Learning objectives: Knot- and Mesh analysis
The Students
- 1.
- know the basic definitions for describing an electrical network.
- 2.
- can apply the node rule and the mesh rule to electrical networks.
1 Current density in free space
Facts and concepts from field theory lead to explanations in structured field space. To this end, Figure 1 shows a positively charged plate and a negatively charged plate facing each other.The space between the two plates has an electric field \(\vec {E}\) and a medium with conductivity \(\sigma \). Charge carriers can move in the free space.
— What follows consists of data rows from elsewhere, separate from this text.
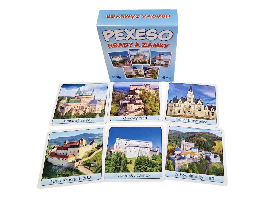 Pexeso hrady a zámky SKHra pre 2 až 4 hráčov so 64 kartami, ktoré tvoria 32 dvojíc s rovnakými obrázkami. Úlohou hráčov je hľadať dvojice kariet s rovnakými obrázkami. Hráči sa dohodnú na poradí, v ktorom budú vstupovať do hry. Všetky karty hráči rozložia na stôl obrázky dole. Hráč, ktorý je na rade, otočí dve ľubovoľné karty obrázky nahor tak, aby všetci spoluhráči tieto obrázky videli. V prípade, keď hráč otočí dve karty s rovnakými obrázkami, vezme si ich a otočí ďalšie dve karty. V prípade, keď hráč otočí dve karty s rôznymi obrázkami, karty si nevezme a otočí ich späť obrázkami dole. V hre pokračuje rovnakým spôsobom spoluhráč, ktorý je na rade. Hra končí vtedy, keď si hráči rozdelia všetky karty. Vyhrá hráč s najvyšším počtom dvojíc kariet. Veľkosť karty: 6,4 x 6,4 cmObsahuje 64 ks
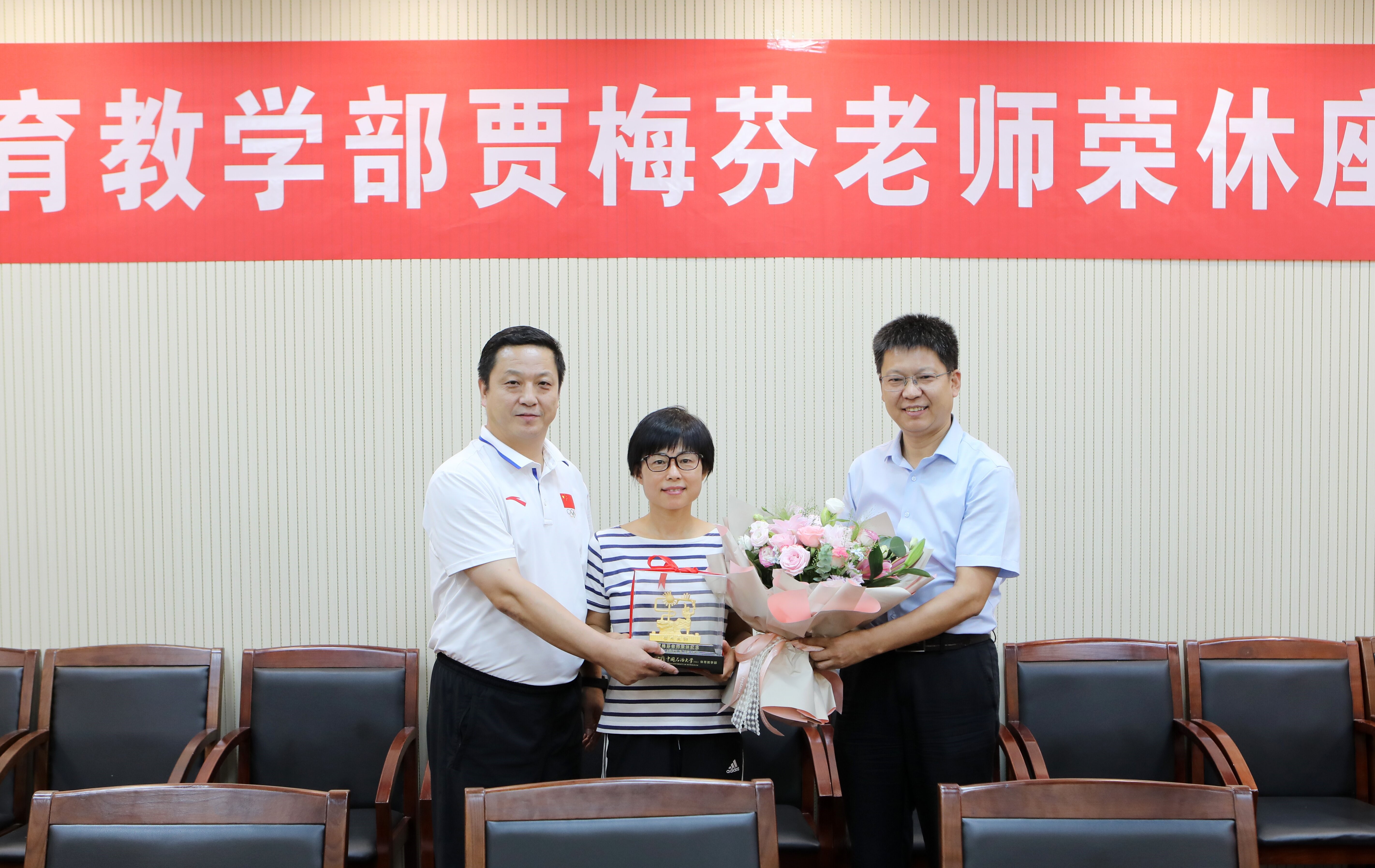 2022年9月8日,9728太阳集团在体育馆会议室举行贾梅芬老师荣休座谈会。9728太阳集团主任周伟、党委书记姜永增、副主任王海滨、宋述光、党委副书记兼体育场馆管理中心主任卢志同,各教研室主任、支部书记和部工会、办公室、团委、教职工代表等相关人员参加此次座谈会,座谈会由部办公室韩文主持。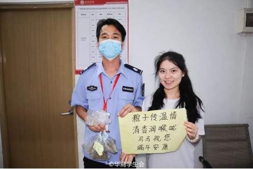 活动现场,络绎不绝,欢声笑语,粽香四溢。活动期间,党委宣传部部长、校团委刘苗书记来到增城校区活动现场,为师生们赠送大礼包。校学生会的同学还为学校里各个工作岗位上辛勤付出的工作人员送去节日祝福。师生、教职工们纷纷在朋友圈里晒出免费领取的端午节大礼包,晒出满满的幸福感。校团委共为师生准备了2000多份端午礼包。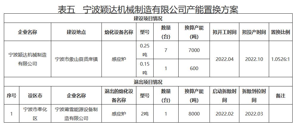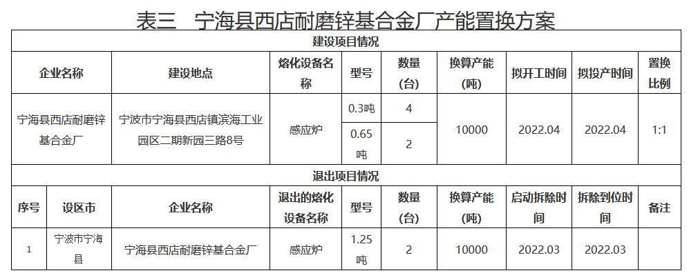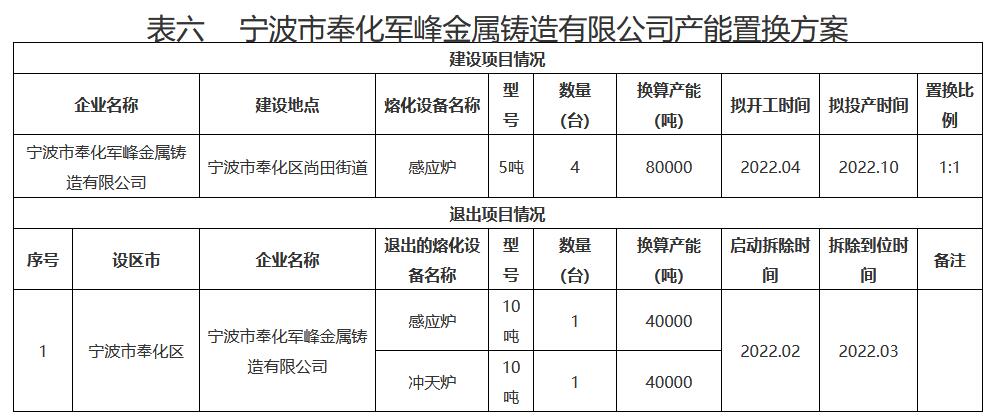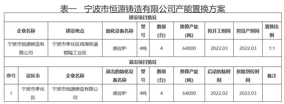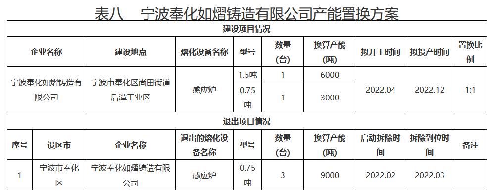日前,浙江公示《2022年第三批鑄造產(chǎn)能置換方案》。詳情如下:

A directed movement of charge carriers and thus a current density \(\vec {J}\) between the plates occurs. The current density is source-free in the area under consideration.
The source-free nature of the current density is illustrated by the equation 1. This describes that no sources or sinks exist, as there are no field-forming charges in space. In this case, the current density is source-free and the same number of charges flow into and out of the surface. Mathematically, this is expressed in the continuity equation for consideration in free space:
\begin {equation} \oint _{}^{} \vec {J} d\vec {A} = 0 \rightarrow div \vec {J} = 0 \label {divJQuellenfreiheit} \end {equation}
2 Current density in structured space
In a structured field space (see Figure 2), the current density must also be free of sources. All charges that enter the field space must also leave it again. This also applies in cases where an electrical conductor has more than one discharge path . A supply line with two conductors is indicated, in which the charges are distributed between the two conductors. The cylinder surface areas \(A_1\), \(A_2\) and \(A_3\) define a structured field space with the adjacent cylinders. Just as the charges are distributed, the current densities are distributed throughout the structured space. Thus, the current density \(\vec {J_1}\) is the sum of the outgoing current densities \(\vec {J_2}\) and \(\vec {J_3}\).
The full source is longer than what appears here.